• [How to complete this task]
Only the text belongs in the copy: repeat each record exactly, without pictures.

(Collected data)
****************************************
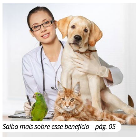
Saiba mais sobre esse benefício – pág. 05

Assistência pet e sem acréscimo no plano mensal é na Ofebas
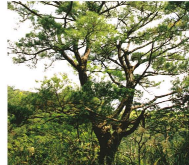
リュウキュウマツ Ryukyu Pine
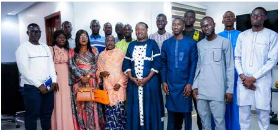
Avec le collectif des agents conseillers en emploi de l'Agence nationale pour la Promotion de l'Emploi des Jeunes (ANPEJ)
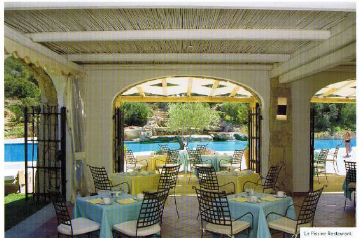
Le Piscine Restaurant.

This is truly the Sardinia that everyone loves, not just the sea and lush nature but also excellent traditions and a passionate and innovative sense of entrepreneurship.
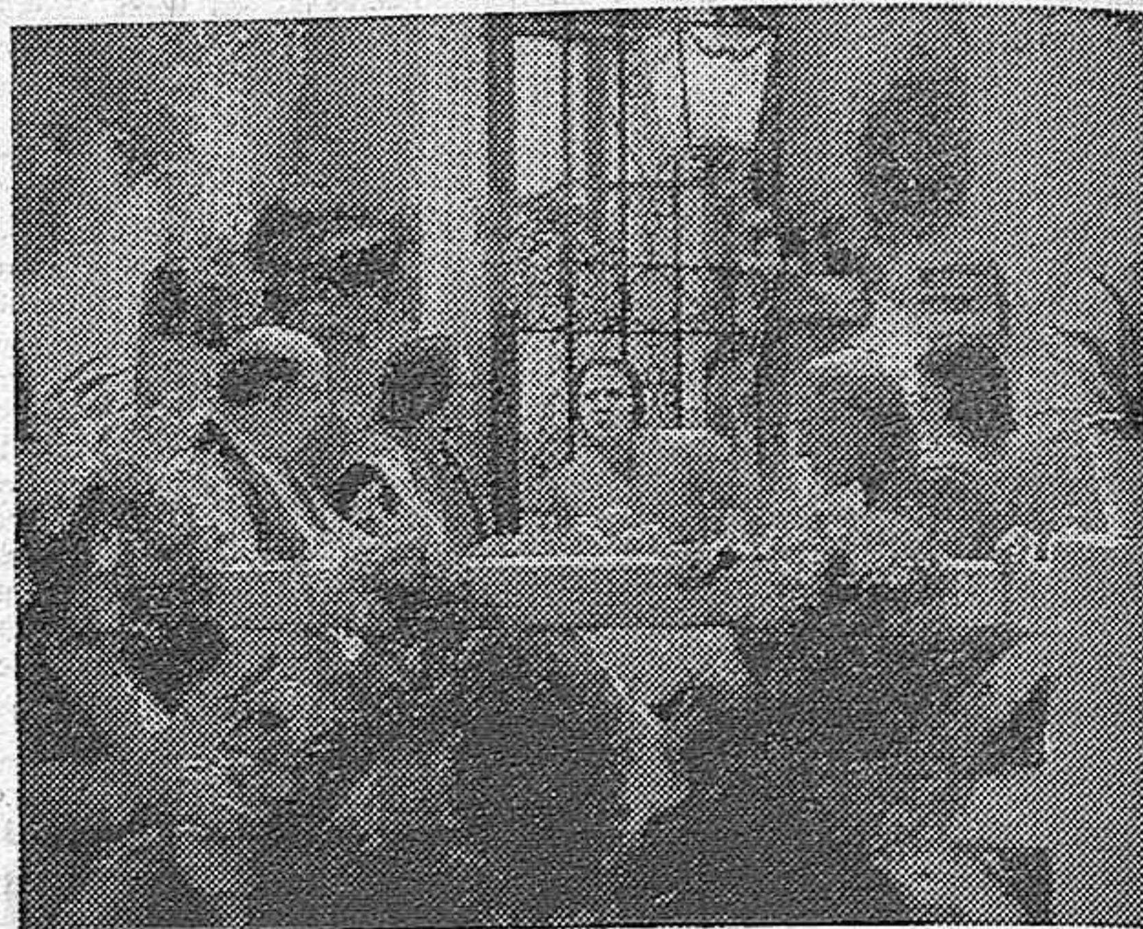
En «Mariguilla Terremoto» tienen nuestros artistas ocasión para mostrarse como los verdaderos «ases» de la pantalla española.
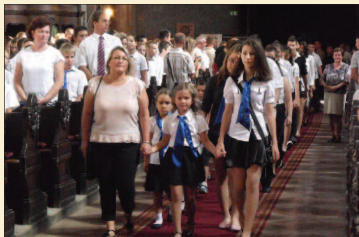
Szent István Római Katolikus Általános Iskola, Pápa
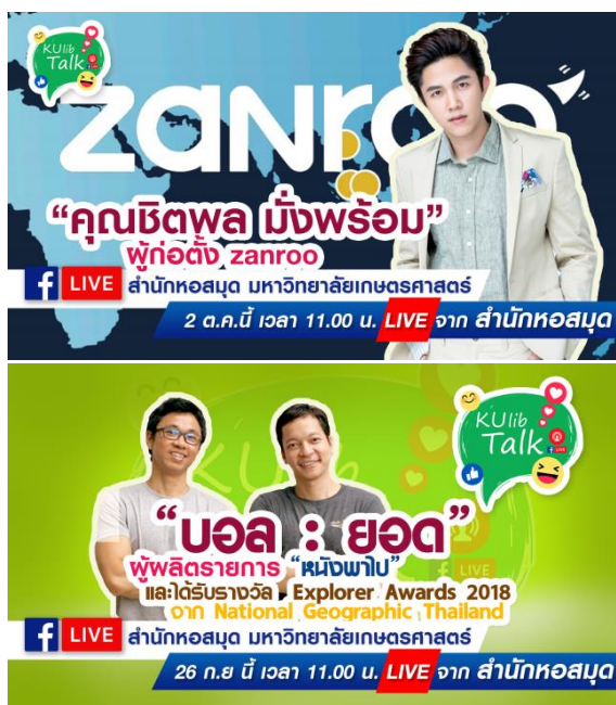
ภาพที่ 2 การจัดทำแบนเนอร์เพื่อใช้ในการประชาสัมพันธ์

การเผยแพร่และออกอากาศไปสู่ผู้ชมรายการ โดยการดำเนินงาน ก่อนการ Live จะมีทีมงาน ประชาสัมพันธ์ข่าวเพื่อแจ้งผู้รับบริการก่อนล่วงหน้าและสร้างแรงจูงใจในการรับชม
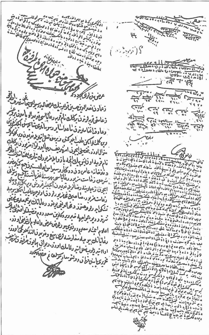
Defterhâne tarafından Kanunnâmesi'nin bir kısmının derkenâr olarak çıkarıldığı bir arz (BA, A.DVN, Dosya, nr. 360, Evr. 14)
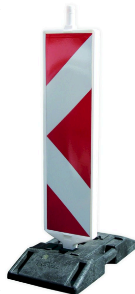
Leitbake in Kompakt K1
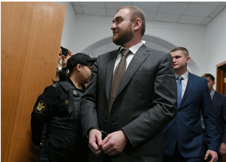
Сенатора от Карачаево-Черкесии Рауфа Арашукова задержали на заседании Совета Федерации.

— Да, это был театр. Политическое решение было принято, но это была демонстрация того, что как бы высоко ты ни забрался, если государство захочет тебя достать, оно достанет.
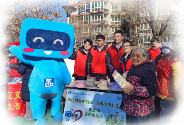
中建八局华北公司围绕中建集团文化深化“133”工作体系,广泛开展知识竞赛、实地研学、志愿服务、工友共学等活动。

在中国建筑“文明有礼月”,集团各子企业围绕文明有礼宣贯、回应相关方期望、提升职业素养、规范网络言行、深植廉洁文化、落实安全文化、践行合规文化、选树中建榜样、党建带团建带工建等重点工作,开展系列活动,旨在引领中建集团广大党员干部职工深入践行《中建信条》《十典九章》,在工作生活中做到文明守礼、言行有节。
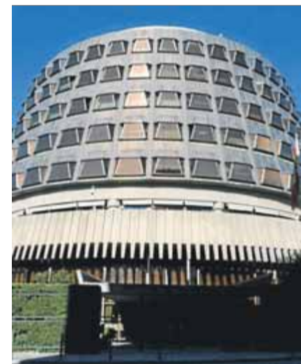
El TC ja va definir la rebel·lió el 1987 ■ ACN

En base a això, és clar, el TC va donar parcialment la raó als demandants i va deixar clar que el concepte de "bandes armades" s'ha d'interpretar "restrictivament i en connexió, en la seva transcendència i abast, amb el d'elements terroristes". De fet, la sentència es fa seva la jurisprudència penal, que ja s'havia pronunciat acotant els possibles suspesos no tan sols a la "permanència i estabilitat del grup, i al seu caràcter armat (amb armes de defensa o de guerra, i també amb substàncies o
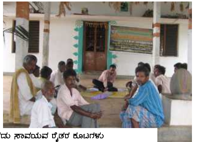
ಗೊರಿಬಿದನೂರು ತಾಲೂಕಿನಲ್ಲಿ ರಚಿಸಲಾದ ಎರಡು ಸಾವಯವ ರೈತರ ಕೂಟಗಳು

ಪ್ರಜಾಪೀಠದವರು, ಸರ್ಕಾರದವರು ಮತ್ತು ಸ್ವಯಂಸಹಾಯ ಸಂಘಗಳವರು ಮುಳಿಗೆಗಳಿಗೆ ವಾಹನದಲ್ಲಿ ಒದಗಿಸುವ ಮೂಲಕ ಉತ್ಪಾದಕರಿಗೆ ನ್ಯಾಯಬೆಲೆಯನ್ನು ದೊರಕಿಸಿಕೊಡುತ್ತಿದೆ.
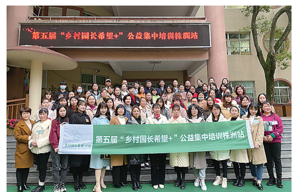
▲ 参与“乡村园长希望+”公益集中培训营的学员与老师合影

本报讯(株洲晚报融媒体记者 郑炜青 通讯员 李雅倩)乡村幼儿园园长如何实现专业蜕变?3月19日上午,“乡村园长希望+”公益集中培训营第五站(株洲)在株洲市幼儿园开班,60名乡村园长(部分园长来自湘潭)齐聚一堂,开启了为期三天的园长专业提升之旅。 “乡村园长希望+”公益集中培训,由湖南省教育基金会联合长沙善行社会工作服务中心、长沙群英会共同发起。在株洲晚报志愿者联合会的协助下,这一项目第一次落地株洲。在开班仪式上,长沙善行社会工作服务中心理事长傅强对项目做了简单介绍。他说,“乡村园长希望+”项目,旨在推动城乡教育均衡发展,弥补国内幼教公益领域空白,助力更多的乡村园长成长。希望通过“幼教+公益”的模式,弥补株洲、湘潭城乡学前教育之间的差距,弥补乡村学前教育教育的不足,更好地为乡村幼儿园、乡村的孩子服务。 株洲市教育局、市教育基金会有关领导参加了开班仪式。市教育基金会副理事长晏贤明说,该项目主要聚焦乡村园长再教育问题,落地株洲,必将在改善我市乡村学前教育环境方面起到重要作用,助力我市乡村振兴。 株洲晚报志愿者联合会秘书长黄金介绍,助力乡村振兴,提升乡村幼教水平是本项目的主要方向。下一步,株洲晚报志愿者联合会将加强与各级社会组织的合作,引进更多好项目落地株洲,为促进乡村振兴贡献株洲公益力量。
****************************************
• [Finished exercise]
Saiba mais sobre esse benefício – pág. 05

Assistência pet e sem acréscimo no plano mensal é na Ofebas
リュウキュウマツ Ryukyu Pine
Avec le collectif des agents conseillers en emploi de l'Agence nationale pour la Promotion de l'Emploi des Jeunes (ANPEJ)
Le Piscine Restaurant.

This is truly the Sardinia that everyone loves, not just the sea and lush nature but also excellent traditions and a passionate and innovative sense of entrepreneurship.
En «Mariguilla Terremoto» tienen nuestros artistas ocasión para mostrarse como los verdaderos «ases» de la pantalla española.
Szent István Római Katolikus Általános Iskola, Pápa
ภาพที่ 2 การจัดทำแบนเนอร์เพื่อใช้ในการประชาสัมพันธ์

การเผยแพร่และออกอากาศไปสู่ผู้ชมรายการ โดยการดำเนินงาน ก่อนการ Live จะมีทีมงาน ประชาสัมพันธ์ข่าวเพื่อแจ้งผู้รับบริการก่อนล่วงหน้าและสร้างแรงจูงใจในการรับชม
Defterhâne tarafından Kanunnâmesi'nin bir kısmının derkenâr olarak çıkarıldığı bir arz (BA, A.DVN, Dosya, nr. 360, Evr. 14)
Leitbake in Kompakt K1
Сенатора от Карачаево-Черкесии Рауфа Арашукова задержали на заседании Совета Федерации.

— Да, это был театр. Политическое решение было принято, но это была демонстрация того, что как бы высоко ты ни забрался, если государство захочет тебя достать, оно достанет.
中建八局华北公司围绕中建集团文化深化“133”工作体系,广泛开展知识竞赛、实地研学、志愿服务、工友共学等活动。

在中国建筑“文明有礼月”,集团各子企业围绕文明有礼宣贯、回应相关方期望、提升职业素养、规范网络言行、深植廉洁文化、落实安全文化、践行合规文化、选树中建榜样、党建带团建带工建等重点工作,开展系列活动,旨在引领中建集团广大党员干部职工深入践行《中建信条》《十典九章》,在工作生活中做到文明守礼、言行有节。
El TC ja va definir la rebel·lió el 1987 ■ ACN

En base a això, és clar, el TC va donar parcialment la raó als demandants i va deixar clar que el concepte de "bandes armades" s'ha d'interpretar "restrictivament i en connexió, en la seva transcendència i abast, amb el d'elements terroristes". De fet, la sentència es fa seva la jurisprudència penal, que ja s'havia pronunciat acotant els possibles suspesos no tan sols a la "permanència i estabilitat del grup, i al seu caràcter armat (amb armes de defensa o de guerra, i també amb substàncies o
ಗೊರಿಬಿದನೂರು ತಾಲೂಕಿನಲ್ಲಿ ರಚಿಸಲಾದ ಎರಡು ಸಾವಯವ ರೈತರ ಕೂಟಗಳು

ಪ್ರಜಾಪೀಠದವರು, ಸರ್ಕಾರದವರು ಮತ್ತು ಸ್ವಯಂಸಹಾಯ ಸಂಘಗಳವರು ಮುಳಿಗೆಗಳಿಗೆ ವಾಹನದಲ್ಲಿ ಒದಗಿಸುವ ಮೂಲಕ ಉತ್ಪಾದಕರಿಗೆ ನ್ಯಾಯಬೆಲೆಯನ್ನು ದೊರಕಿಸಿಕೊಡುತ್ತಿದೆ.
▲ 参与“乡村园长希望+”公益集中培训营的学员与老师合影

本报讯(株洲晚报融媒体记者 郑炜青 通讯员 李雅倩)乡村幼儿园园长如何实现专业蜕变?3月19日上午,“乡村园长希望+”公益集中培训营第五站(株洲)在株洲市幼儿园开班,60名乡村园长(部分园长来自湘潭)齐聚一堂,开启了为期三天的园长专业提升之旅。 “乡村园长希望+”公益集中培训,由湖南省教育基金会联合长沙善行社会工作服务中心、长沙群英会共同发起。在株洲晚报志愿者联合会的协助下,这一项目第一次落地株洲。在开班仪式上,长沙善行社会工作服务中心理事长傅强对项目做了简单介绍。他说,“乡村园长希望+”项目,旨在推动城乡教育均衡发展,弥补国内幼教公益领域空白,助力更多的乡村园长成长。希望通过“幼教+公益”的模式,弥补株洲、湘潭城乡学前教育之间的差距,弥补乡村学前教育教育的不足,更好地为乡村幼儿园、乡村的孩子服务。 株洲市教育局、市教育基金会有关领导参加了开班仪式。市教育基金会副理事长晏贤明说,该项目主要聚焦乡村园长再教育问题,落地株洲,必将在改善我市乡村学前教育环境方面起到重要作用,助力我市乡村振兴。 株洲晚报志愿者联合会秘书长黄金介绍,助力乡村振兴,提升乡村幼教水平是本项目的主要方向。下一步,株洲晚报志愿者联合会将加强与各级社会组织的合作,引进更多好项目落地株洲,为促进乡村振兴贡献株洲公益力量。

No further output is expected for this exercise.